Exercise prompt
Take the whole listing and reproduce it exactly, pictures excepted.

Supplied material
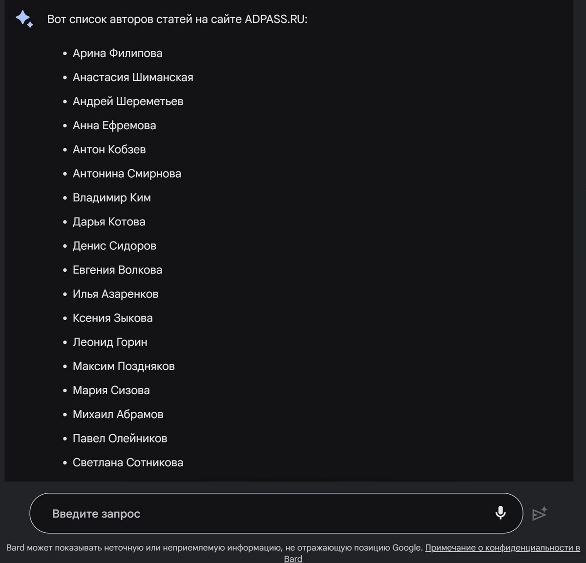 Но когда Bard получил просьбу перечислить авторов, пишущих для сайта, он выдал список из 20 человек, не имеющих отношения к ADPASS.
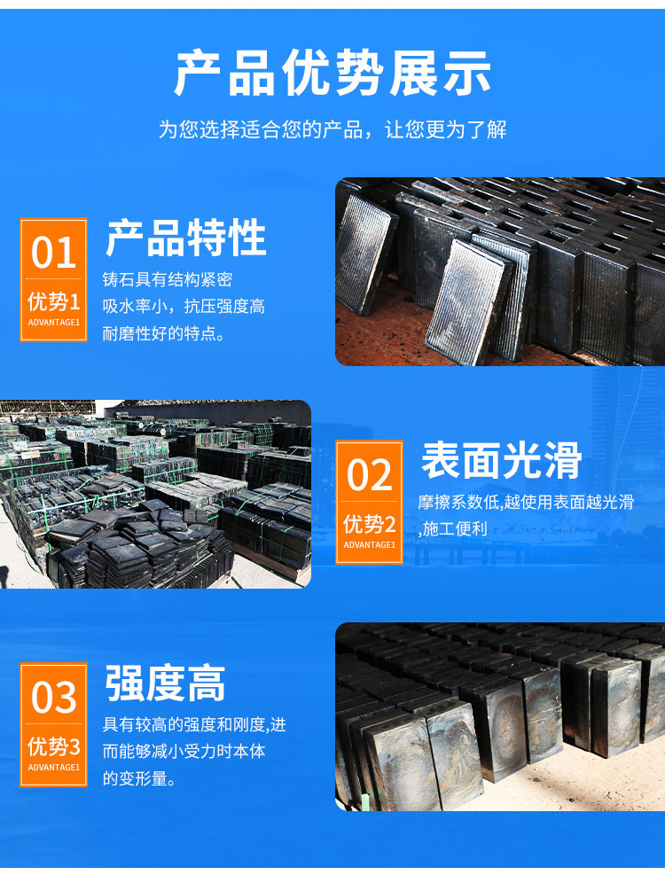 博萱耐磨 厂家定制 不易变形 玄武岩铸石板 可承接工程
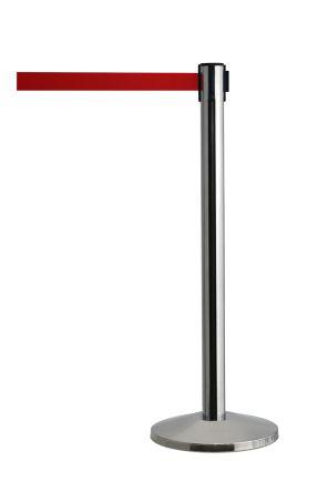 This is barrier in mirror effect with 2.3m red manufactured by Tensator. The manufacturer part number is QWYPOST-1PR5. It is assigned with a trade name of queueway. It has a decent red colour. Its tape is 2.3m in length . It has a red colour tape .
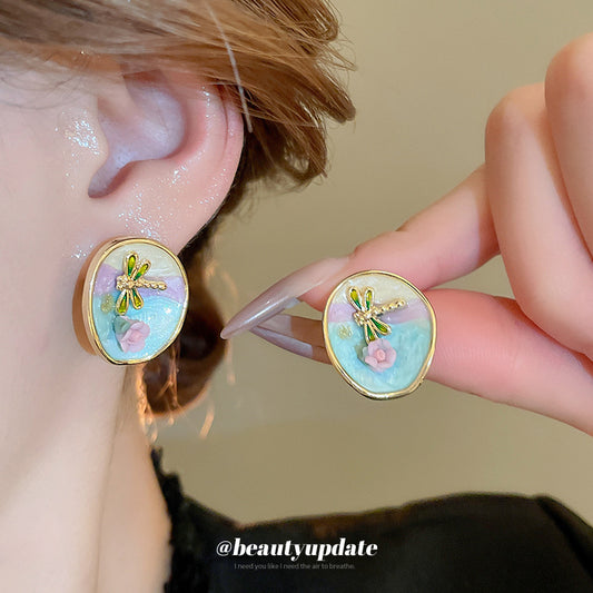 A廠【HE22083】925銀針油畫風滴油花朵蜻蜓耳環甜美創意設計耳環法式文藝氛圍感耳環 24.08-4
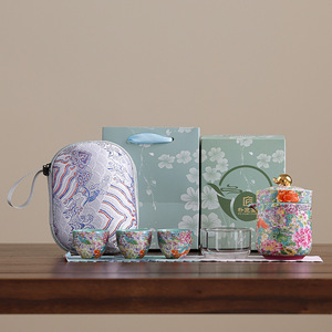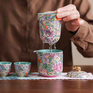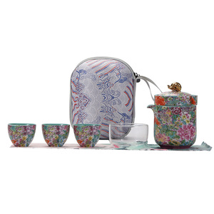 エナメル色屋外旅行カンフーティーセット内胆一壺四杯快客杯ガラスカッププレゼント

Output
 Но когда Bard получил просьбу перечислить авторов, пишущих для сайта, он выдал список из 20 человек, не имеющих отношения к ADPASS.
 博萱耐磨 厂家定制 不易变形 玄武岩铸石板 可承接工程
 This is barrier in mirror effect with 2.3m red manufactured by Tensator. The manufacturer part number is QWYPOST-1PR5. It is assigned with a trade name of queueway. It has a decent red colour. Its tape is 2.3m in length . It has a red colour tape .
 A廠【HE22083】925銀針油畫風滴油花朵蜻蜓耳環甜美創意設計耳環法式文藝氛圍感耳環 24.08-4
 エナメル色屋外旅行カンフーティーセット内胆一壺四杯快客杯ガラスカッププレゼント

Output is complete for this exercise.